━━━ DATA IN THIS EXERCISE

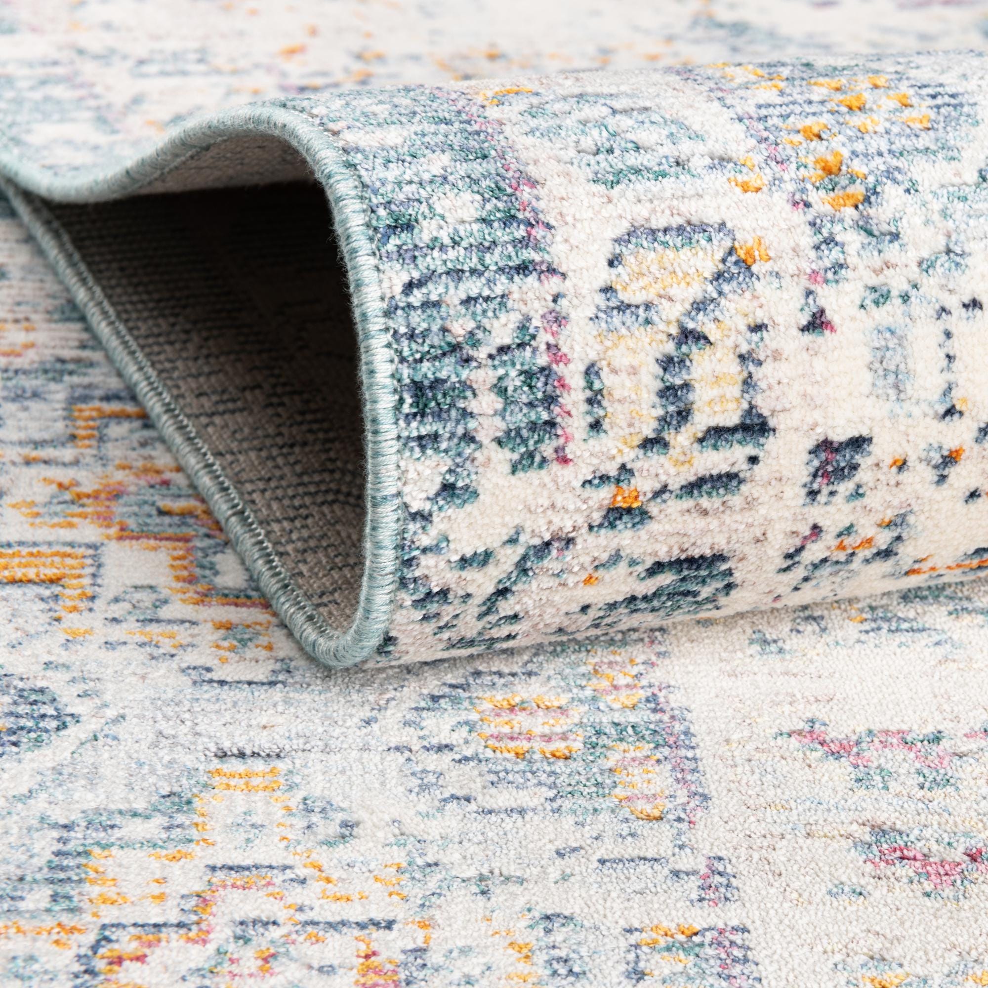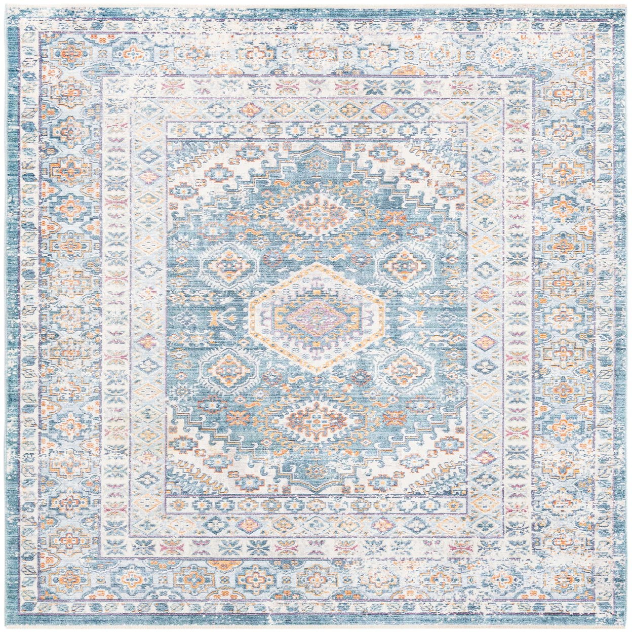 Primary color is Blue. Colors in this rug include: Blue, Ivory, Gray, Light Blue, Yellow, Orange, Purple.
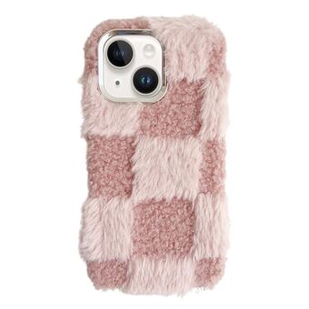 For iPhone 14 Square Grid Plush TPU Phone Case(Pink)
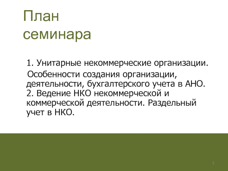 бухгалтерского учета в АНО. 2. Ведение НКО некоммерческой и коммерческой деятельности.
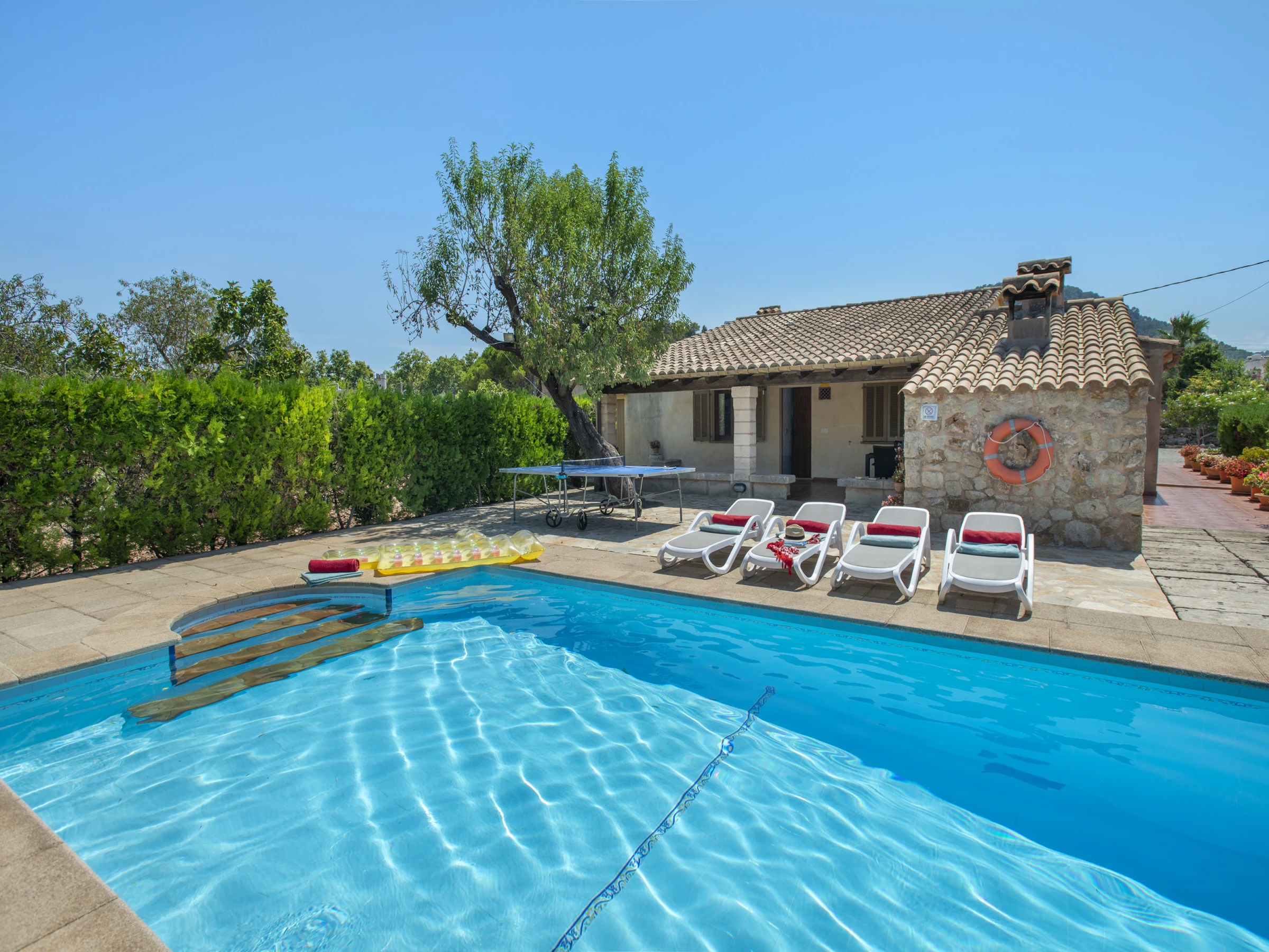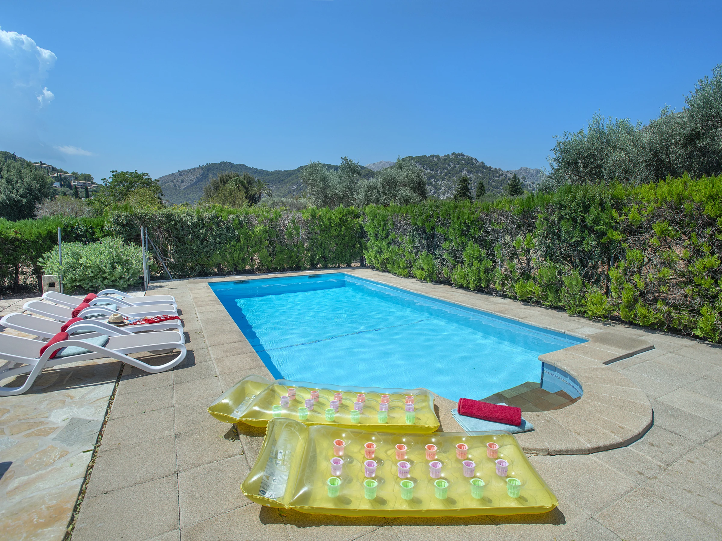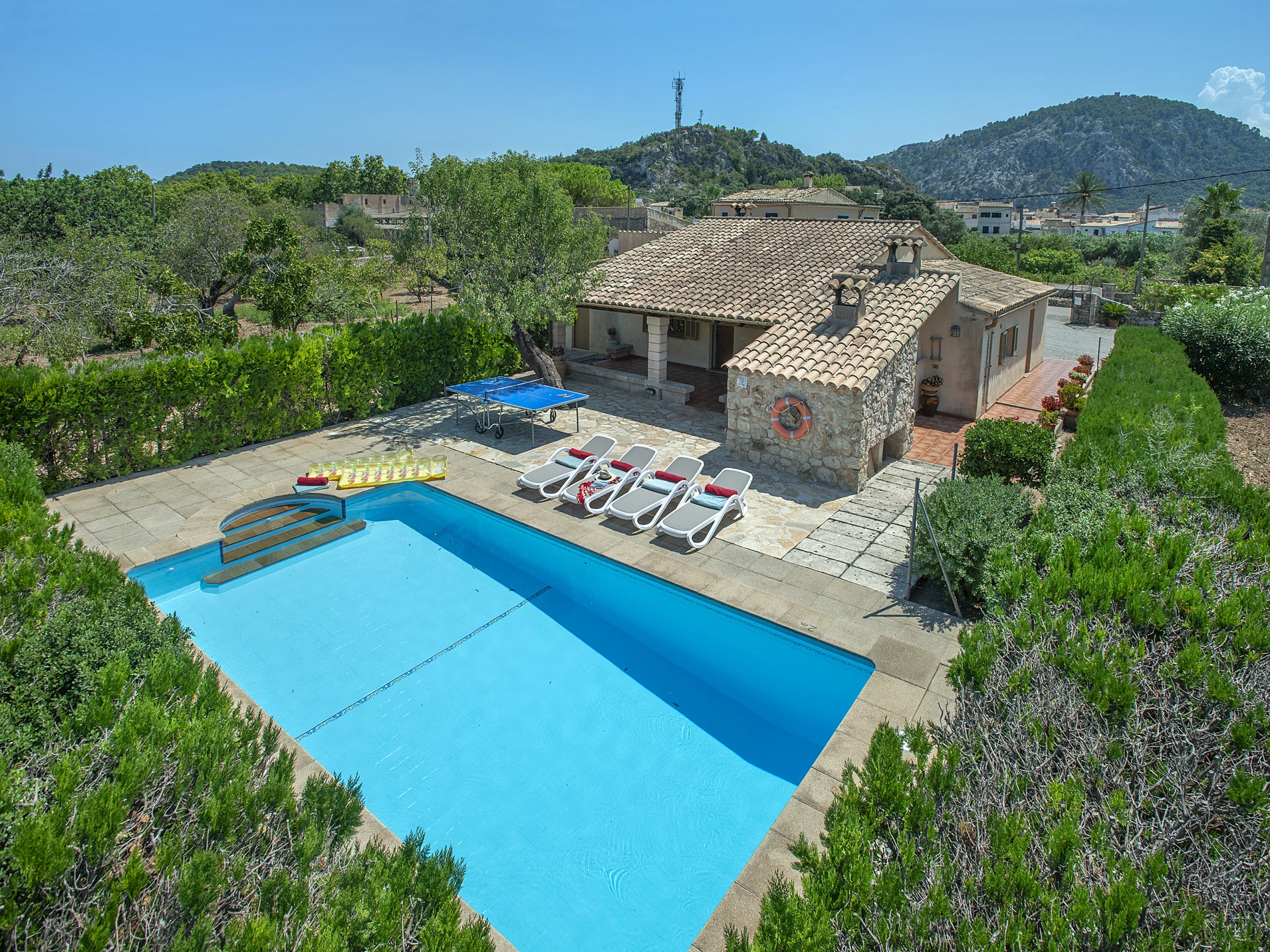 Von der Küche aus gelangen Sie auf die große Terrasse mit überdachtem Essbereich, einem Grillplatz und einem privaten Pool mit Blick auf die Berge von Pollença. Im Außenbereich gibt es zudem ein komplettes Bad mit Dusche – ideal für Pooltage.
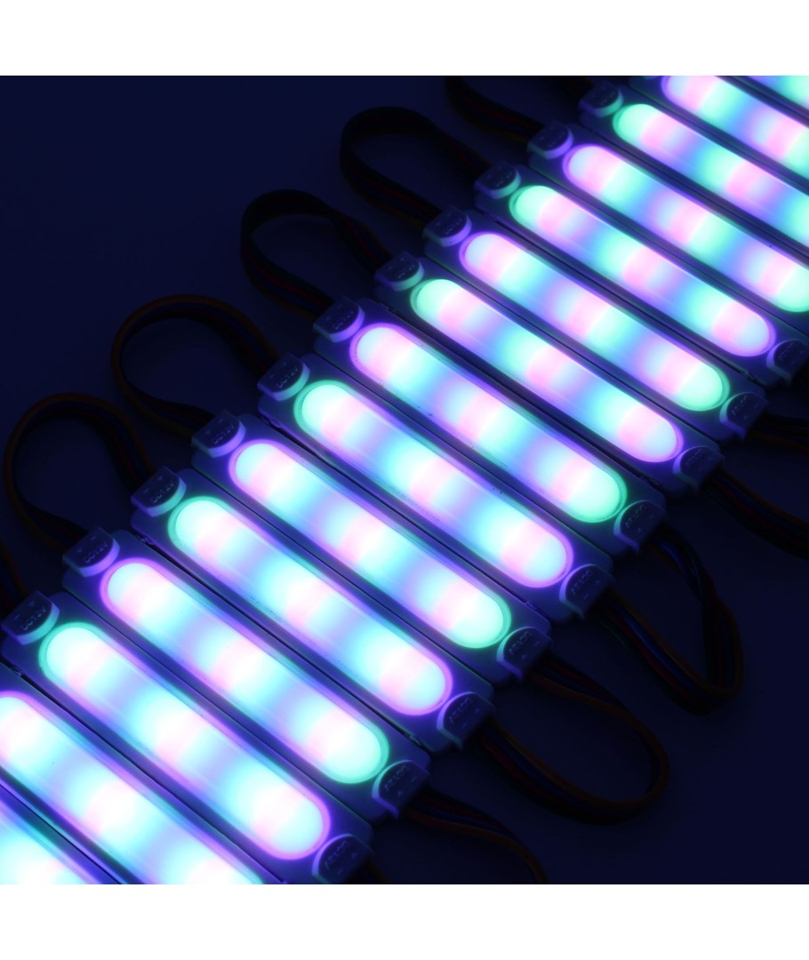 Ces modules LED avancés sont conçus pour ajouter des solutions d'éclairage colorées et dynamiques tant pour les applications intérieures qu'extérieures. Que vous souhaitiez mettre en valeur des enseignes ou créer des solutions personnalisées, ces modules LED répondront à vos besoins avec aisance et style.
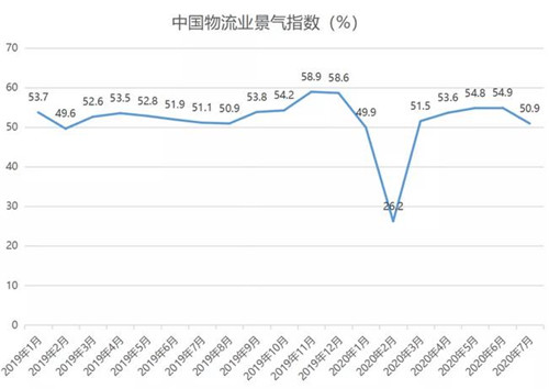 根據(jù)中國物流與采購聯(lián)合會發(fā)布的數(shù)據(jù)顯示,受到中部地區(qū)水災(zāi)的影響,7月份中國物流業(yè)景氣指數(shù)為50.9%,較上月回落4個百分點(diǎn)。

━━━━━━

TASK STATEMENT:
Each entry needs to be returned verbatim, with its pictures left out.

ANSWER BOX:
 Primary color is Blue. Colors in this rug include: Blue, Ivory, Gray, Light Blue, Yellow, Orange, Purple.
 For iPhone 14 Square Grid Plush TPU Phone Case(Pink)
 бухгалтерского учета в АНО. 2. Ведение НКО некоммерческой и коммерческой деятельности.
 Von der Küche aus gelangen Sie auf die große Terrasse mit überdachtem Essbereich, einem Grillplatz und einem privaten Pool mit Blick auf die Berge von Pollença. Im Außenbereich gibt es zudem ein komplettes Bad mit Dusche – ideal für Pooltage.
 Ces modules LED avancés sont conçus pour ajouter des solutions d'éclairage colorées et dynamiques tant pour les applications intérieures qu'extérieures. Que vous souhaitiez mettre en valeur des enseignes ou créer des solutions personnalisées, ces modules LED répondront à vos besoins avec aisance et style.
 根據(jù)中國物流與采購聯(lián)合會發(fā)布的數(shù)據(jù)顯示,受到中部地區(qū)水災(zāi)的影響,7月份中國物流業(yè)景氣指數(shù)為50.9%,較上月回落4個百分點(diǎn)。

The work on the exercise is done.